Knowledge Supply Chain

Right now, somewhere in this loop, a fact is changing. Watch one.

  1. Somewhere in this loop, a fact is changing right now.
  2. A new fragment arrives: a changelog note reading, PostgreSQL 14 is no longer supported.
  3. The system reads it and recognises two things inside the sentence: PostgreSQL, and the version, 14.
  4. A human reviews it and marks it trustworthy. Nearby, a fact from a meeting — a Knowledge Session — gets the same review.
  5. The validated fact joins a corpus: a small, connected cluster of related facts about the same system.
  6. That corpus is one part of a much larger, connected whole: Graph Memory. An older fact, elsewhere in the graph, is now in question because of this new one.
  7. Activity converges on the Knowledge Compiler, which takes the connected facts and produces several different outputs at once.

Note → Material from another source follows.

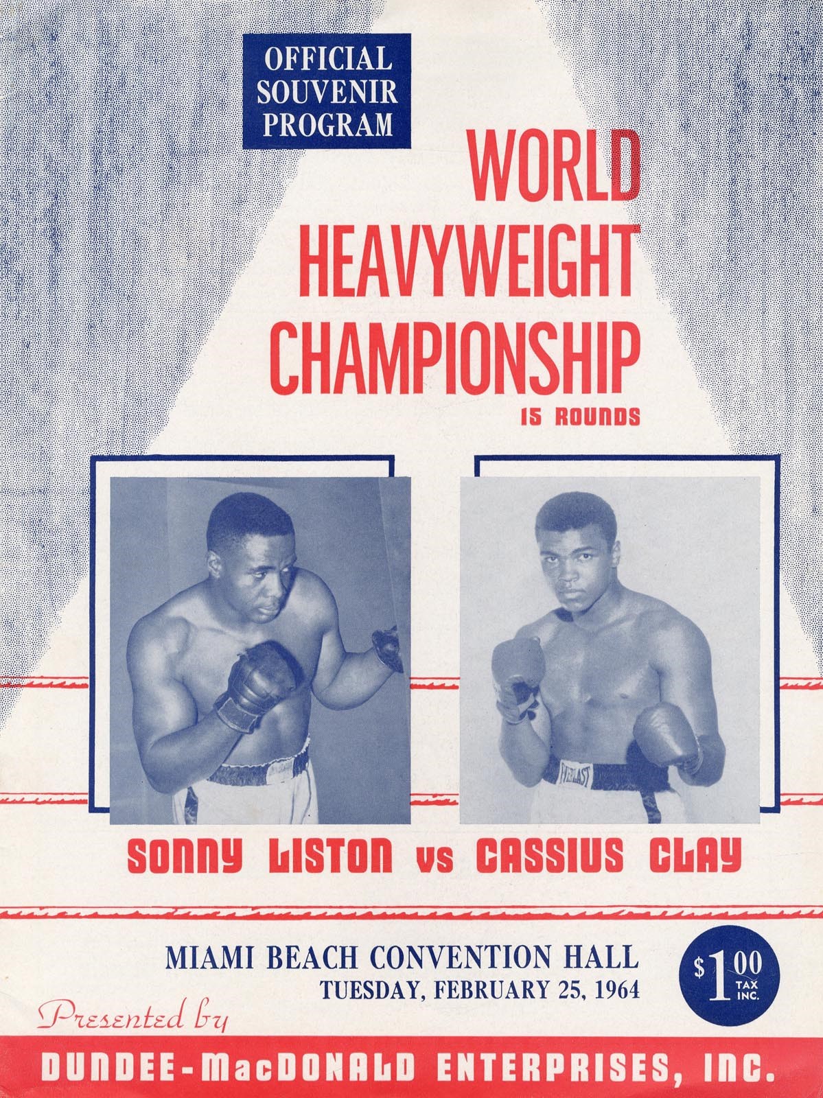 For the Heavyweight Championship of the World, 22 year-old Cassius Clay defeated Sonny Liston in this bout, held on February 25, 1964, at the Miami Beach Convention Hall. This scarce and desirable program is EX with minor corner creasing on cover. Program is not scored.

  8. The outputs reach three different readers: a human gets documentation and support material, a developer gets OpenAPI, and an AI agent gets MCP, prompt recipes and runbooks — together, the Agent Kit. All of it passes through the same API.
  9. An agent tries to install the system on a real server, using the runbook it was given. Something doesn’t match, and the install fails.
  10. The failure itself becomes a new fact, and it travels back into the system instead of disappearing.
  11. It rejoins the same corpus it came from, slightly improving it. This is the Discovery / Publishing loop: the system doesn’t just store knowledge, it keeps it correct. The loop continues.